Your instructions:
Sift the listing for lines that hold the string "This" and pull them out.

#### Provided information

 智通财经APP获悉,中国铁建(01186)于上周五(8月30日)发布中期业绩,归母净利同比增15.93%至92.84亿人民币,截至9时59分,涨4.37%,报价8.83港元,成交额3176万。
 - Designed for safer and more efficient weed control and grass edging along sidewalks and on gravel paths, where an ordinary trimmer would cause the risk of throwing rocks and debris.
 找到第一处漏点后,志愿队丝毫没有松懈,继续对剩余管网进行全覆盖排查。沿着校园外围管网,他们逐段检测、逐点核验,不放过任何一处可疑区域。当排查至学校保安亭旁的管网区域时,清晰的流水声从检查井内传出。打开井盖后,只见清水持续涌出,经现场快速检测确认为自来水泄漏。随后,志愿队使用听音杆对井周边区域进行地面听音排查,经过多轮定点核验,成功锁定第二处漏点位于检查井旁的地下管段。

########
#### Provided information

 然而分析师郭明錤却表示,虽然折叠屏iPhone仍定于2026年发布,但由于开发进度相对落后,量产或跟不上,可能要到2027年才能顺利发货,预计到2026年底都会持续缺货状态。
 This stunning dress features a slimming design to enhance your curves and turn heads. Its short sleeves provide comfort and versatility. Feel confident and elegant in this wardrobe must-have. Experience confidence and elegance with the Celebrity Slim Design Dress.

########
#### Provided information

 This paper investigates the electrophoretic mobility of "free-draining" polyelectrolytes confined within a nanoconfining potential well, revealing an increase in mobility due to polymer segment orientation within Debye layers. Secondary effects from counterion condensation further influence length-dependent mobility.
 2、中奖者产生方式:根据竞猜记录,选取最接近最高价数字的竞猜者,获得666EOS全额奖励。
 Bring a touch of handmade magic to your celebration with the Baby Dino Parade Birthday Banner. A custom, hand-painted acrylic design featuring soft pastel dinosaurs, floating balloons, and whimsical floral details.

########

Exercise answer:
 This stunning dress features a slimming design to enhance your curves and turn heads. Its short sleeves provide comfort and versatility. Feel confident and elegant in this wardrobe must-have. Experience confidence and elegance with the Celebrity Slim Design Dress.
 This paper investigates the electrophoretic mobility of "free-draining" polyelectrolytes confined within a nanoconfining potential well, revealing an increase in mobility due to polymer segment orientation within Debye layers. Secondary effects from counterion condensation further influence length-dependent mobility.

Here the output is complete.